3.2.1. Notional approach
The use of the notional approach allows the EU to jointly co-finance an action although some of the costs of this action are not eligible for EU funding.
Budget and EDF contributions are subject to a number of specific requirements regarding ineligibility of costs which do not necessarily apply to the other donors pooling funds together under a jointly co-financed action. Since complying with these requirements would require a degree of traceability, it would be difficult to reconcile these requirements with the nature of jointly co-financed actions and would make it difficult for the Commission to take part in this type of actions.
However, it is possible for the EU to contribute to multi-donor actions using the notional approach. Under this approach, the EU cost eligibility requirements are met as long as the amount contributed by other donors is sufficient to cover the costs which are ineligible under EU rules.
For instance, if the EU finances 40 of a given project of total costs 100 under a basic act which does not permit the funding of taxes, and the managing entity estimates that it will use 5 of its funds to reimburse local taxes, the Commission is allowed to assume that this 5 (ineligible under EU rules) will be funded from the 60 contributed by other donors.
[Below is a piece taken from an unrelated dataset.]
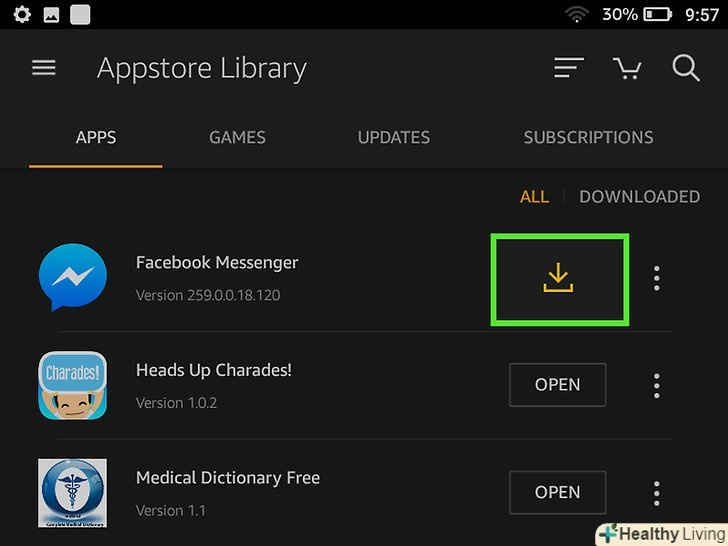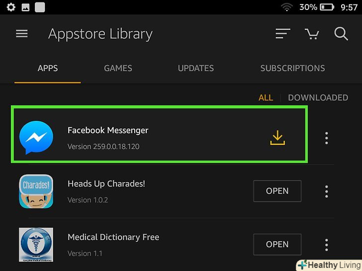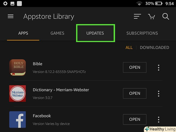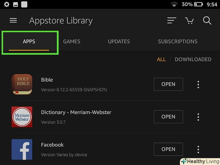 Виберіть розділ " My Apps "(Мої програми), щоб перейти до списку своїх додатків.- На деяких моделях Kindle Fire цей розділ може називатися "App Updates" (оновлення додатків).

Equally, if for instance the Commission finances 20 of the project of total costs 100 under the EDF and, say, 60 of the estimated expenditure is allocated to African, Caribbean and Pacific (ACP) States, the Commission is allowed to assume that all its contribution will go exclusively to ACP countries.
In this manner, the Commission can participate in jointly co-financed actions without actually earmarking its contribution (as such earmarking would be contrary to the very idea of joint co-financing).
While the notional approach is normally used to contribute to jointly co-financed, i.e. multi-donor actions, it needs to be applied carefully:
- Before deciding to participate in a jointly co-financed action, the responsible authorising officer needs to get a good understanding of the nature of the costs in the budget, whether such costs can be regarded as eligible under EU rules, the number and amount of contributions from other donors which can finance the non-eligible costs, etc. The amount contributed to multi-donor actions should be limited as to avoid the EU contribution exceeding eligible costs.
- The Commission services will then monitor the action through the financial and narrative reports. In case any substantial deviation is identified, such that the other donors' contributions may not cover the ineligible costs under EU rules, appropriate measures will be adopted (such as amending or terminating the delegation agreement).
- At the end of the implementation period of the delegation agreement, the fund-managing entity will be requested to provide a declaration that ineligible costs for the EU contribution are covered by other donors' contributions. Such declaration shall be included within the final financial report. If an amount of ineligible costs cannot be covered by other donor's contributions, it implies that that there are not enough eligible costs to cover the EU contribution, which will then be reduced by such amount, as to only cover eligible costs. The inclusion of a provision in the special conditions of the agreement to ensure the receipt of sufficient funds from other donors covering the costs that are not eligible under the agreement is highly recommended.
- Indirect costs cannot be covered by this approach.
- The use of the notional approach is allowed even if no specific provision has been inserted in the special conditions of the delegation agreement concerned.